As a reaction to the new Domestic Violence Cell, the men would wonder, “You say not to hit the wife, Tai? Not even when she makes a mistake?” Our clients were undernourished, married much before they turned 18 and had numerous children. Sitting in on the women’s meetings in villages, I would notice bruises and enquire – the answer was typical – beatings from the husband with fists, kicks, with sickles and pipes.

Women were ‘left’ by their husbands, thrown out of their matrimonial homes and lived like vagrants at the doorstep of their brother’s household. Naila Kabeer’s ‘field of their own’ where widowed sisters would return home as daily wage labourers in their brothers’ fields came alive to me.

Poor Hindu women, despite their upper caste had no power, no property rights and no maintenance. Further, the husbands who left them would not let them go completely; in many cases, they travelled to visit the estranged wife living in a hut in the father’s village and almost righteously expected meals and sex. A network of Socialist women’s groups organized a Parityakta Parishad (Conference of Deserted women) in Aurangabad, in January 1994. They claimed that the state of Maharashtra alone had 6 lakh deserted women. Like Nafisa, these are ‘internally displaced’ women were forced to flee their habitats.

This Hindu reality was clearly distinct from the position of the professional and ambitious women within my Brahmin middle class extended family in Mumbai. Here, women competed in the job market, chose their own partners and carved out their own lives. Yet, patriarchy was around like a bad smell – as these aunts and cousins too, succumbed to domestic gender roles such as cooking and serving, and marriage rituals such as kanyadan and the change of surnames were followed unquestioned.

There are many Hindu realities as there are many ‘Muslim’ realities. Everywhere, women have to struggle, fight, survive. They face male domination, humiliation and the sheer irrationality of religious practices, and do they fight!

Nafisa is not alone. The many Nafisas are struggling against an inconceivable amount of things like her father’s broken household, the Muslim women’s groups in Bandra Golibar slums trying to contain domestic violence, the Maratha women in Andur village who serve as wage labour in the fields that should belong to them, shepherd women members of Manndeshi bank who build credit and run businesses – the count is unending. The spirit of women is still unconquered, their resilience unbound and astonishing.

This victory over oral irrevocable Talaq belongs to the poor Muslim women who went to Court to fight against custom, dogmatic male clerics and their appropriation of religious texts. They are now the torch bearers of the progressive Muslim Movement that was spear headed by Hamid Dalwai in 1960s and by the Progressive Writers’ Movement (Anjuman Tarraqi Pasand Mussanafin-e-Hind) with people like Ismat Chugtai and Manto in 1930s. Today those Muslim teachers, artisans, youth that educate, organize and agitate to seek transformation of their realities – this victory, over archaic unjust customs, belongs to them.

We cannot allow the Hindu right wing to use the Triple Talaq judgement as a tool in fueling hatred against Muslims.
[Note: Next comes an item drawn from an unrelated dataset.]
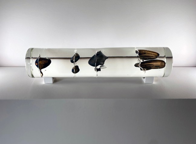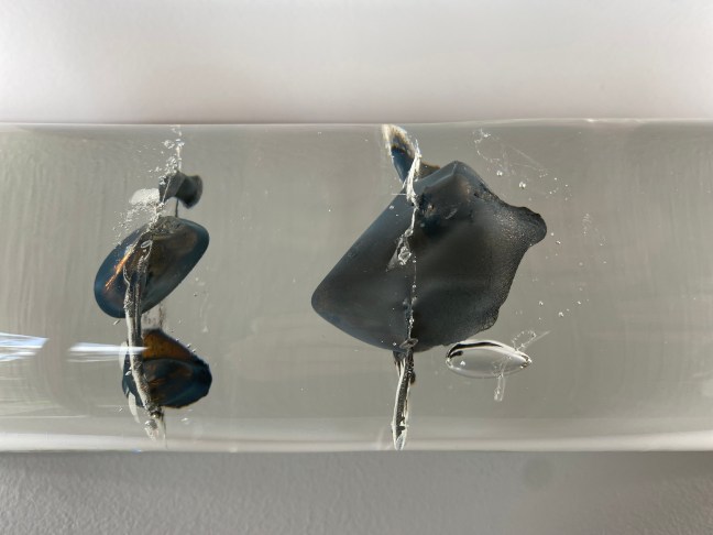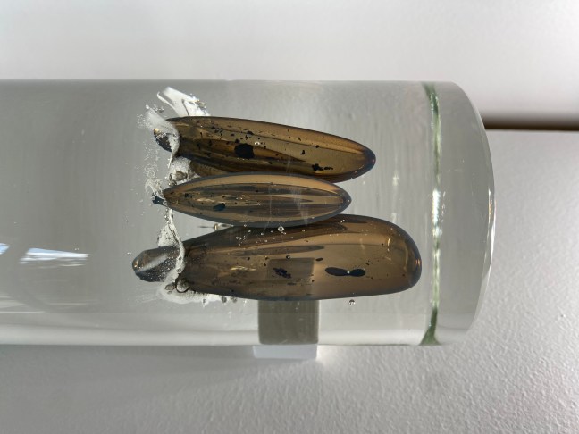 The work consists of glass-blown seeds which burn, blister and bubble, creating atmospheres of trapped air and microcosmic abstract forms of ash residue. The work depicts seeds frozen in time, referencing an ice core sample.
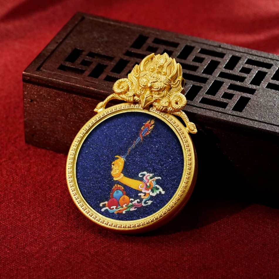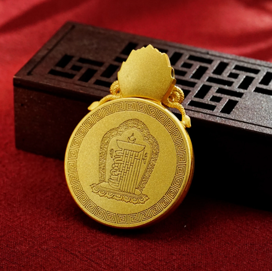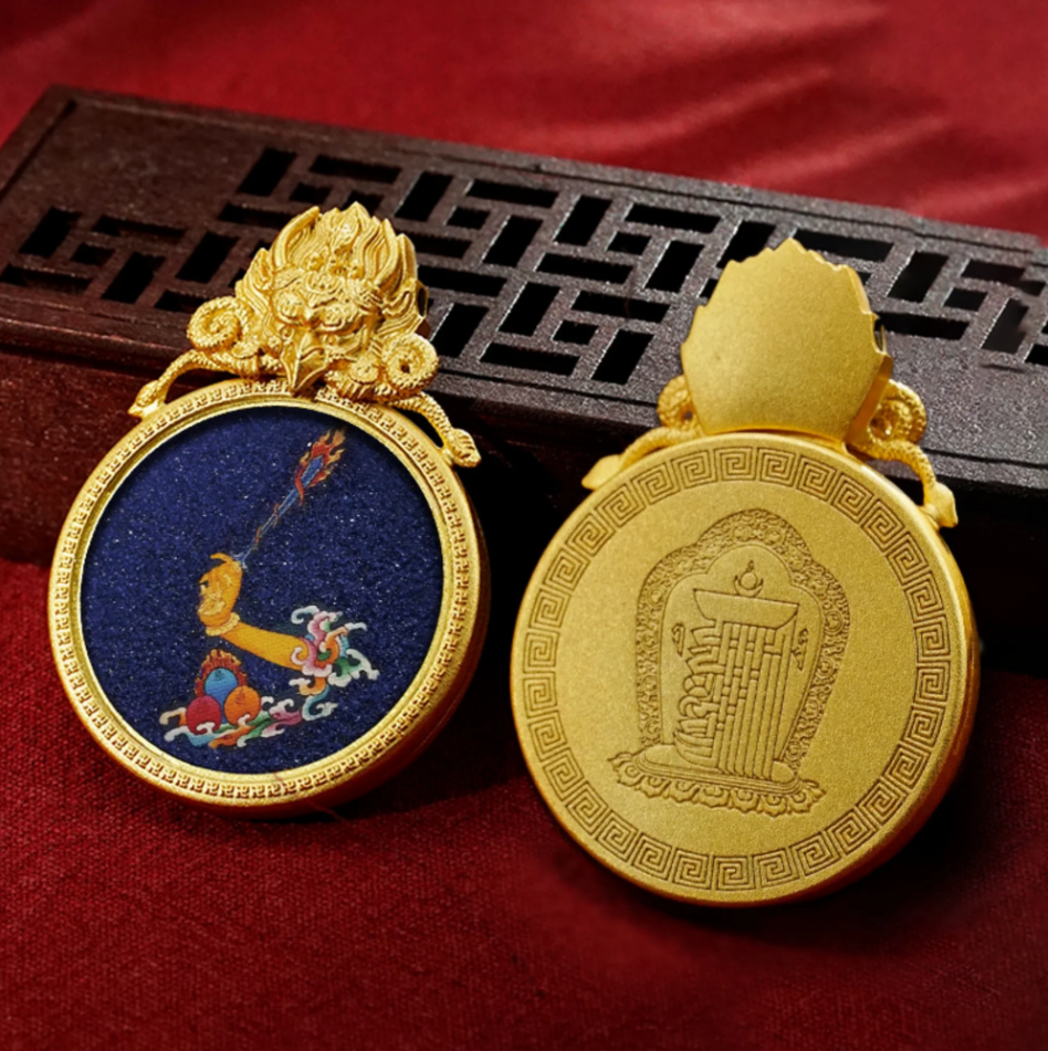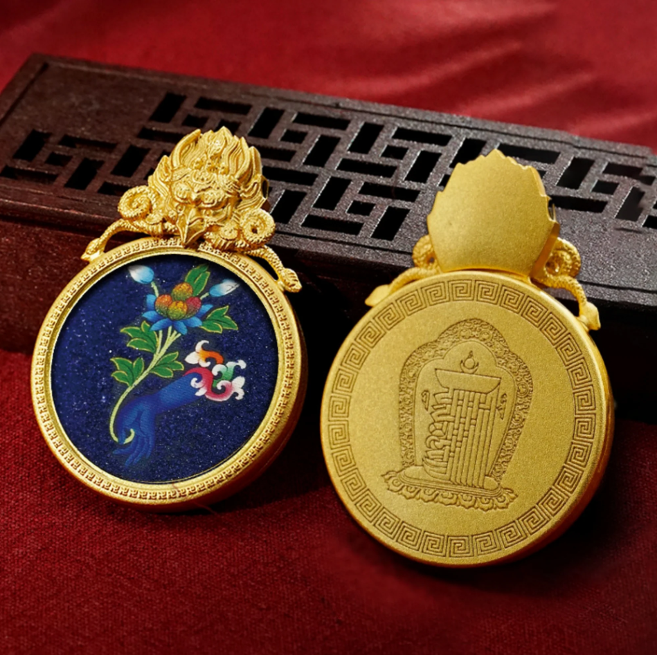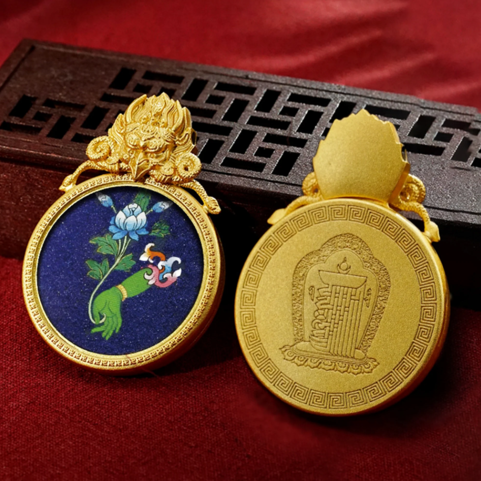 This pendant is inspired by the sacred hand gestures (mudras) of various Tibetan deities, each symbolizing different blessings and powers. The Ghau box is a traditional Tibetan amulet that serves as a protective charm, and this one is adorned with intricate representations of divine hands:

The plight of women is an easy gimmick to elicit in order to malign a community – the British did it with the Indians by pointing to Sati, child marriage and widow tonsuring. The Americans did it with Afghanistan by broadcasting stories of the public lynching of women. Under the garb of sympathy towards women, the aim was to vilify the men and thereby justify the military attack or colonial expansion.

Are we so naïve as to accept the claims of the Hindu right wing? Should we believe that they care about Muslim women? Can you save women from their husbands but rationalize their gang rapes? When Muslim men are killed, do Muslim women get free? The fault line does not lie between Muslim women and Muslim men, it is between those who want to stick to ascribed status – coming from patriarchy, caste superiority, religious custom – and those who seek justice. Which side are you on?